If persist group_replication_start_on_boot, when restart, it will invoke `plugin_group_replication_start` internal, then it will hold the lv.plugin_running_mutex lock, this is why `stop group_repliation` blocked.
How to repeat:
1. first, use mysqld_safe to start 5 mysql server
./bin/mysqld --defaults-file=my13000.cnf --user=mysql --initialize-insecure
./bin/mysqld --defaults-file=my13001.cnf --user=mysql --initialize-insecure
./bin/mysqld --defaults-file=my13002.cnf --user=mysql --initialize-insecure
./bin/mysqld --defaults-file=my13003.cnf --user=mysql --initialize-insecure
./bin/mysqld --defaults-file=my13004.cnf --user=mysql --initialize-insecure
./bin/mysqld_safe --defaults-file=my13000.cnf --user=mysql &
./bin/mysqld_safe --defaults-file=my13001.cnf --user=mysql &
./bin/mysqld_safe --defaults-file=my13002.cnf --user=mysql &
./bin/mysqld_safe --defaults-file=my13003.cnf --user=mysql &
./bin/mysqld_safe --defaults-file=my13004.cnf --user=mysql &
2. build 5 nodes cluster into group_replication cluster, then, in each node, `set persist group_replication_start_on_boot=on`
connect 13000-13004:
mysql> install plugin group_replication soname 'group_replication.so'; Query OK, 0 rows affected (0.01 sec)

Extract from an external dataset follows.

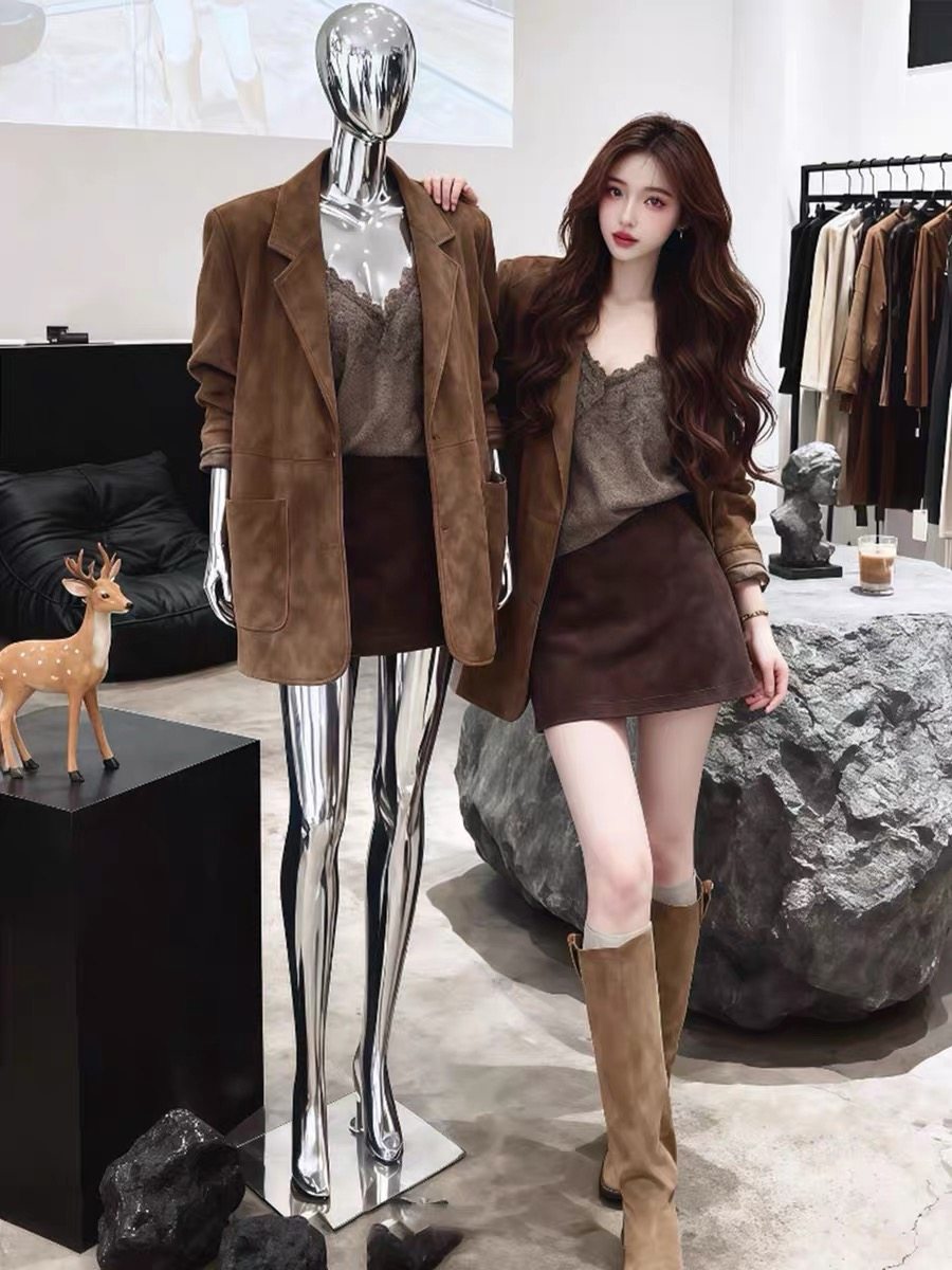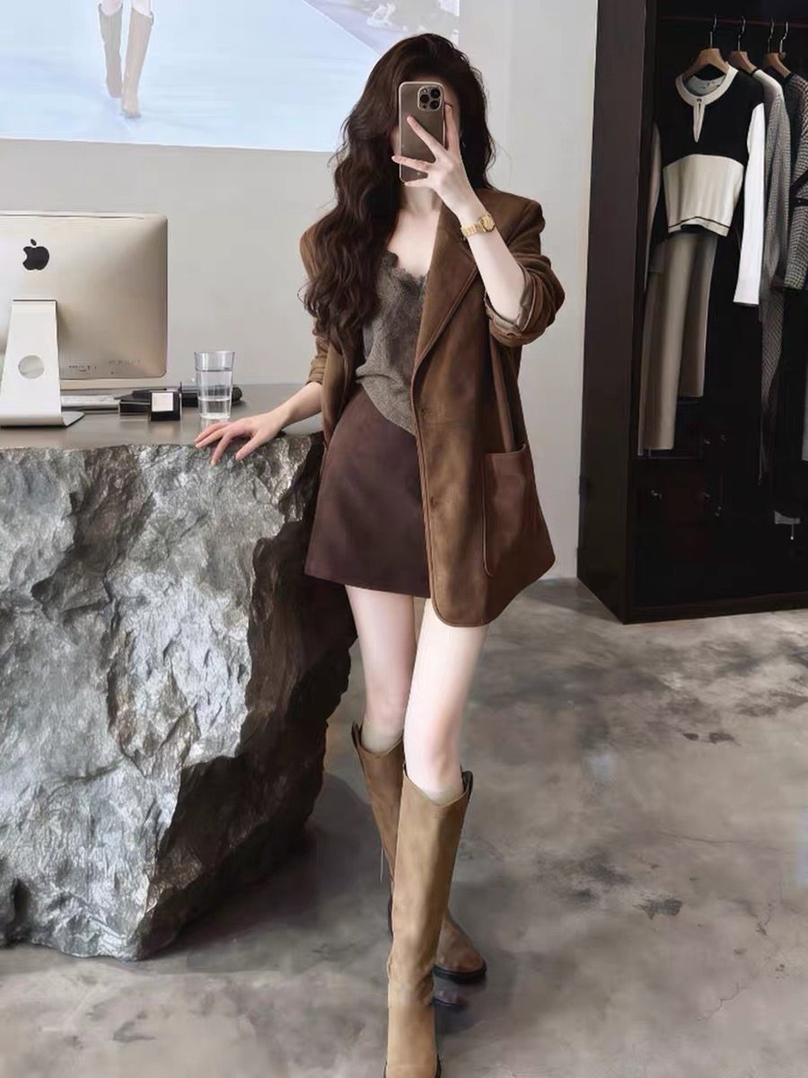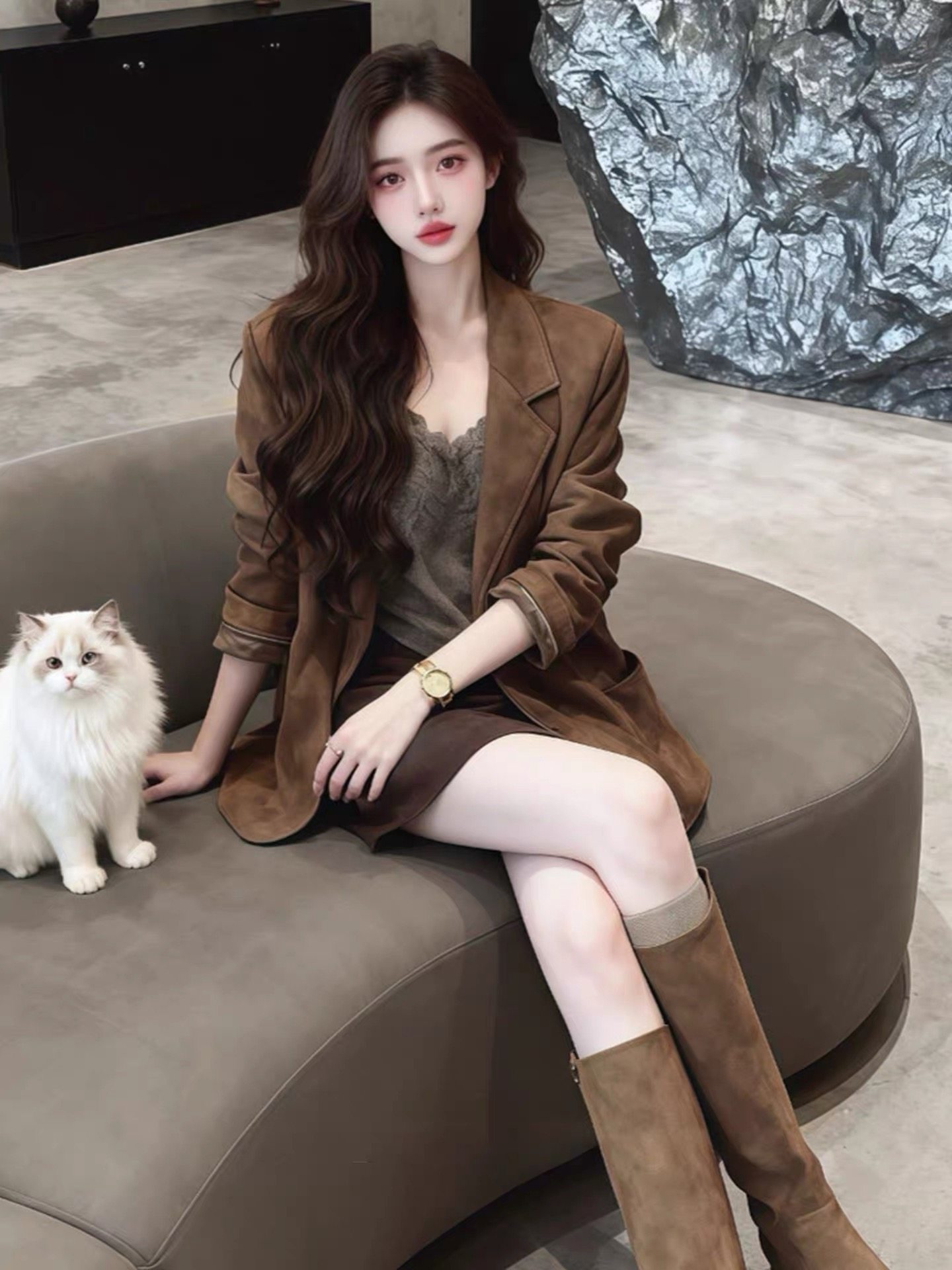 💥麂皮西装外套女2025秋冬新款美拉德色高级感御姐时尚西装短裙套装,券后价66!💖

mysql> CHANGE MASTER TO MASTER_USER="root", MASTER_PASSWORD="" FOR CHANNEL "group_replication_recovery";
Query OK, 0 rows affected, 1 warning (0.03 sec)
mysql> reset master;
Query OK, 0 rows affected (0.05 sec)
// only in 13000
mysql> SET GLOBAL group_replication_bootstrap_group=ON;
Query OK, 0 rows affected (0.00 sec)
mysql> start group_replication; Query OK, 0 rows affected (33.75 sec)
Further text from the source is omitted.